It’s been almost three weeks since I learned I was accepted into Viable Paradise, a week-long, intensive writing workshop on Martha’s Vineyard. To say that I was stunned and elated is an understatement.
Since then, there’s been a lot to take in since then and a lot to figure out.
Having started this journey of isolation and rejection a little over eight years ago, the validation of my work from outside, professional sources has been sparse. I started out writing my first novel with the occasional short story sprinkled in between the seven or so drafts. I’ve had beta readers, queried, submitted short stories to pro markets.
There have been moments — personal rejections, kind words and encouragement — and of course the writing, always the writing, but like many along their own path, there has been doubt as well.

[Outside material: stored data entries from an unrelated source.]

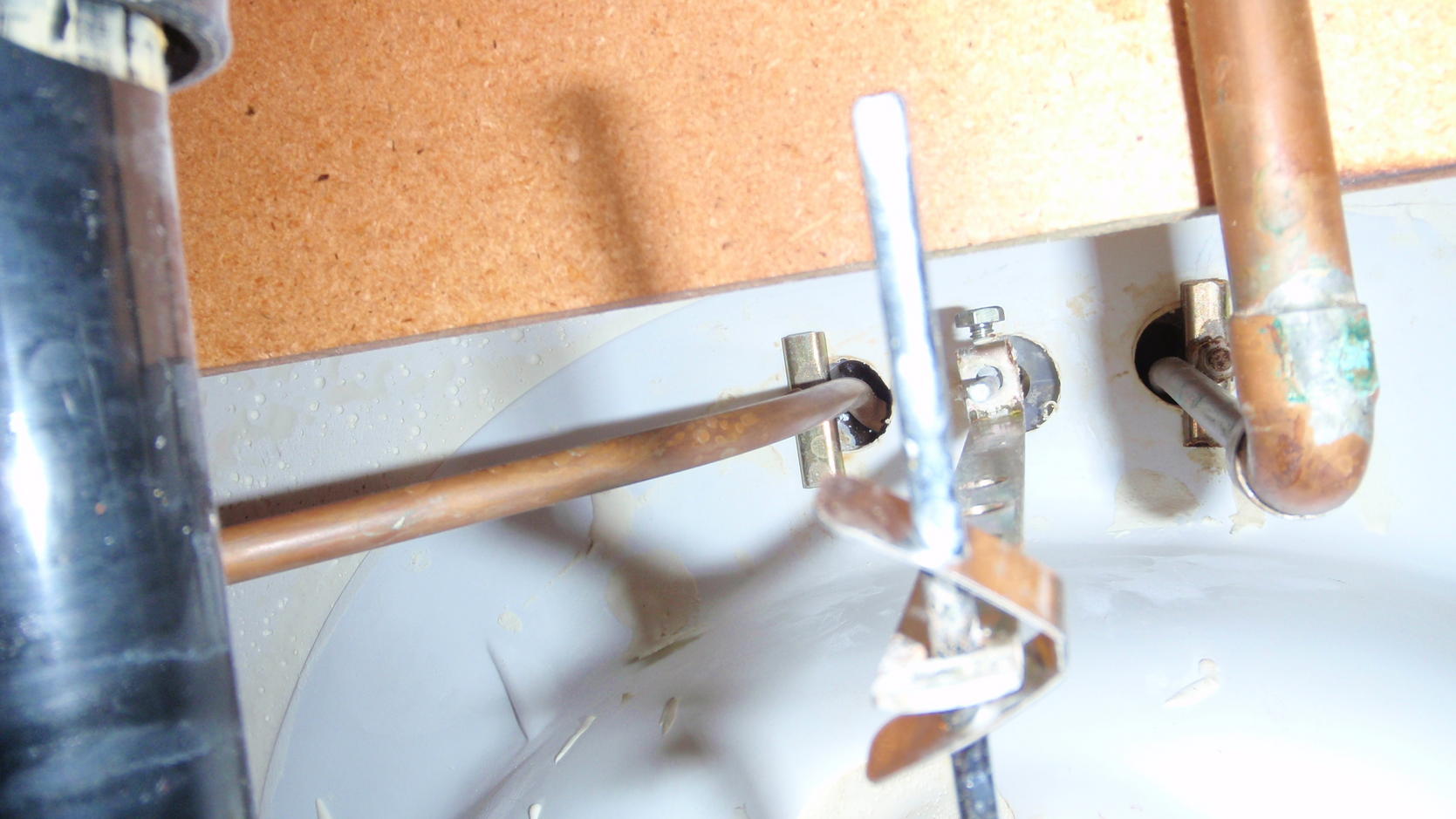 This is a view from under the sink. You may also notice that there are no stopsClick image for larger version
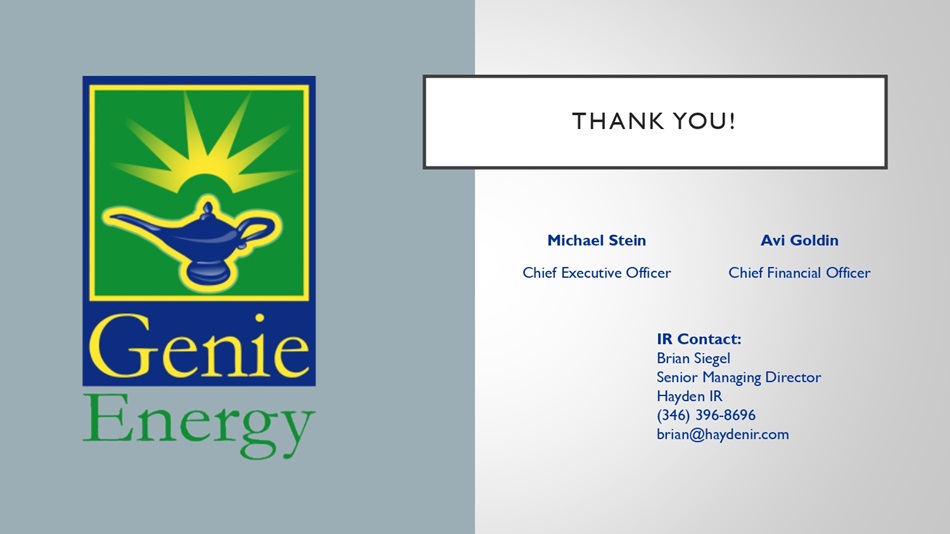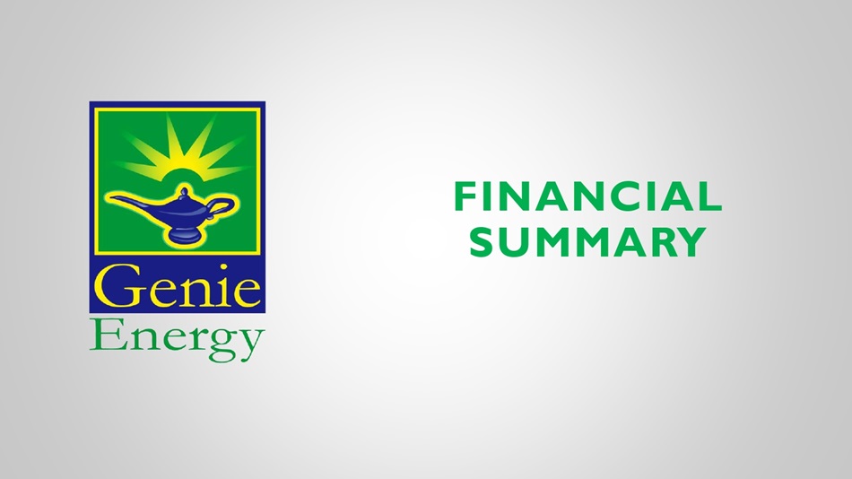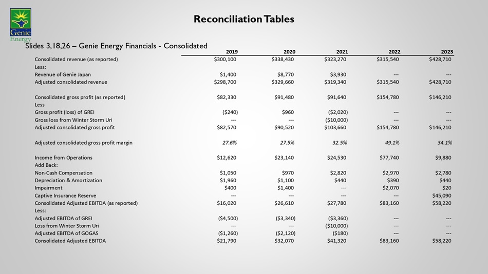Reconciliation Tables Slides 3,18,26 – Genie Energy Financials - Consolidated 2023 2022 2021 2020 2019 $428,710 $315,540 $323,270 $338,430 $300,100 Consolidated revenue (as reported) -- - -- - $3,930 $8,770 $1,400 Less: Revenue of Genie Japan $428,710 $315,540 $319,340 $329,660 $298,700 Adjusted consolidated revenue $146,210 $154,780 $91,640 $91,480 $82,330 Consolidated gross profit (as reported) -- - -- - ($2,020) $960 ($240) Less Gross profit (loss) of GREI -- - -- - ($10,000) -- - -- - Gross loss from Winter Storm Uri $146,210 $154,780 $103,660 $90,520 $82,570 Adjusted consolidated gross profit 34.1% 49.1% 32.5% 27.5% 27.6% Adjusted consolidated gross profit margin $9,880 $77,740 $24,530 $23,140 $12,620 Income from Operations $2,780 $2,970 $2,820 $970 $1,050 Add Back: Non - Cash Compensation $440 $390 $440 $1,100 $1,960 Depreciation & Amortization $20 $2,070 -- - $1,400 $400 Impairment $45,090 -- - -- - -- - -- - Captive Insurance Reserve $58,220 $83,160 $27,780 $26,610 $16,020 Consolidated Adjusted EBITDA (as reported) -- - -- - ($3,360) ($3,340) ($4,500) Less: Adjusted EBITDA of GREI -- - -- - ($10,000) -- - -- - Loss from Winter Storm Uri -- - -- - ($180) ($2,120) ($1,260) Adjusted EBITDA of GOGAS $58,220 $83,160 $41,320 $32,070 $21,790 Consolidated Adjusted EBITDA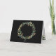These stunning non-photo Christmas cards feature holiday greenery and leaves with faux gold leaves and red holly berries, and a centre gold frame on a modern black background.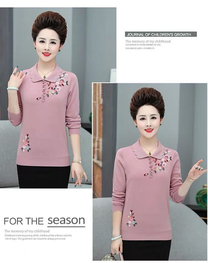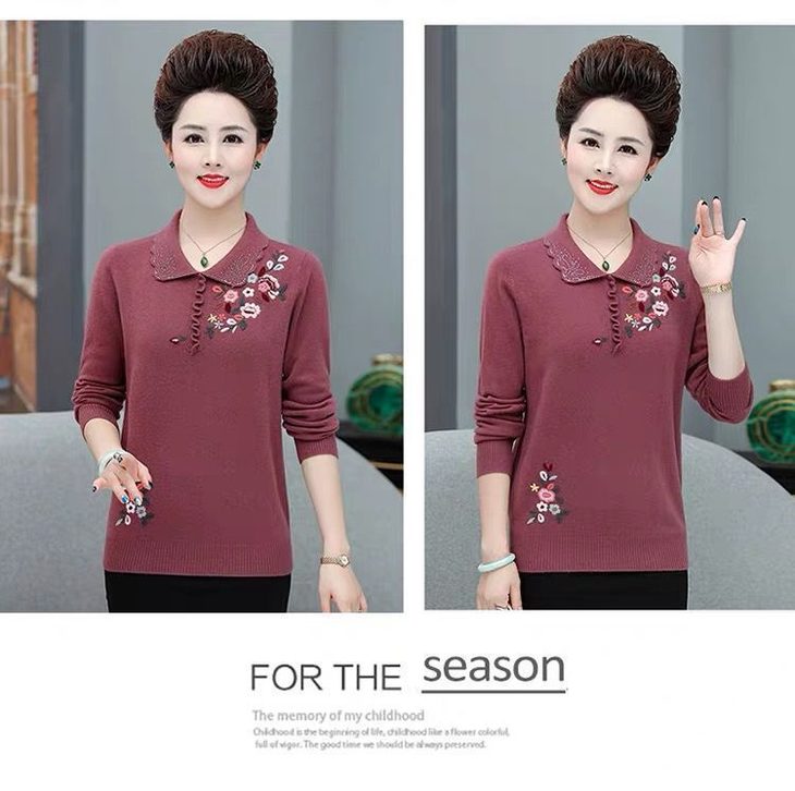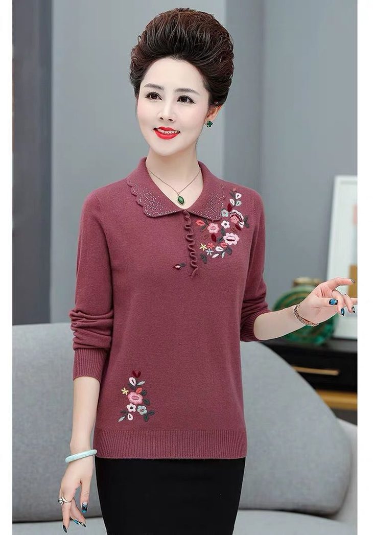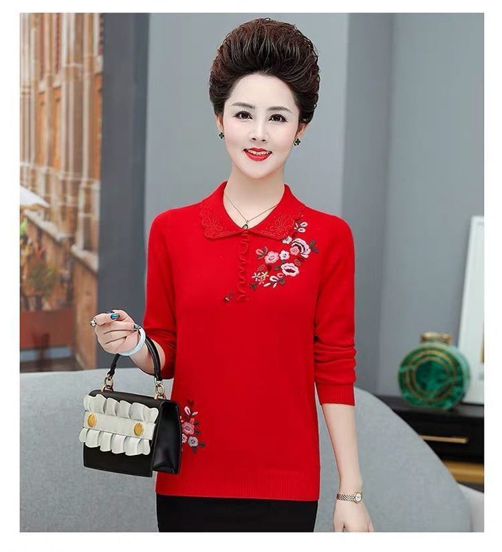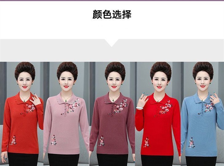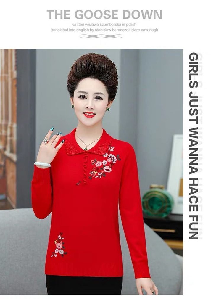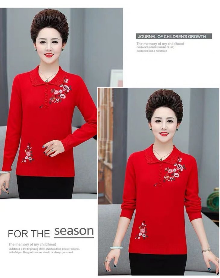 JXG-妈妈装毛衣打底衫红色本命年针织衫加肥加大码中老年女装长袖上衣

The thing is that I always felt like I was somehow missing the boat, that I should be doing X instead of Y, or that Y was taking too long. Although I knew somewhere in my mind that this was part of the path — that this was the path — I felt I was missing something critical.
In 2013, I donated to the Star Ship Sofa podcast in exchange for a critique of the first fifty pages of my novel by Paul di Filippo. He was kind with his critique, even went so far as to tell me I had “chops”. During our call, he recommended attending SFF cons as a way of tapping into the writing community.
So I did. I attended Capclave in D.C. for a couple of years, then World Fantasy Con for the last two years. I met great people, attended tons of fun and informative panels, yet I noticed something: So many of the people I met had these built in networks of people with whom they could share their experiences, go to dinner, talk about writing, etc.
I enjoy my solitude as much as the next introvert, but when I’m at a con, I want to immerse myself in the experience and soak up as much as I can. Without prior connections, it’s been a challenge to create meaningful, lasting relationships with the people I’ve met. As a result, I felt like I was only scratching the surface at these events.
Sometimes it was a case of being at a different place on the road to publication than the writers I spoke with. On another level, it seemed to come back to not having some sort of legitimacy, some way to indicate to other writers, published or otherwise, that I was worth talking to or was even a writer.
I realize that previous statement sounds a little desperate, but there’s truth there.
Upon tweeting my acceptance an amazing thing happened. I started to receive congratulations from previous VP attendees. People started following me. It was an incredibly uplifting experience.
And so, as much as I’m excited to improve as a writer in the crucible of Viable Paradise, I’m just as excited to meet people and to have that shared experience that creates lasting bonds.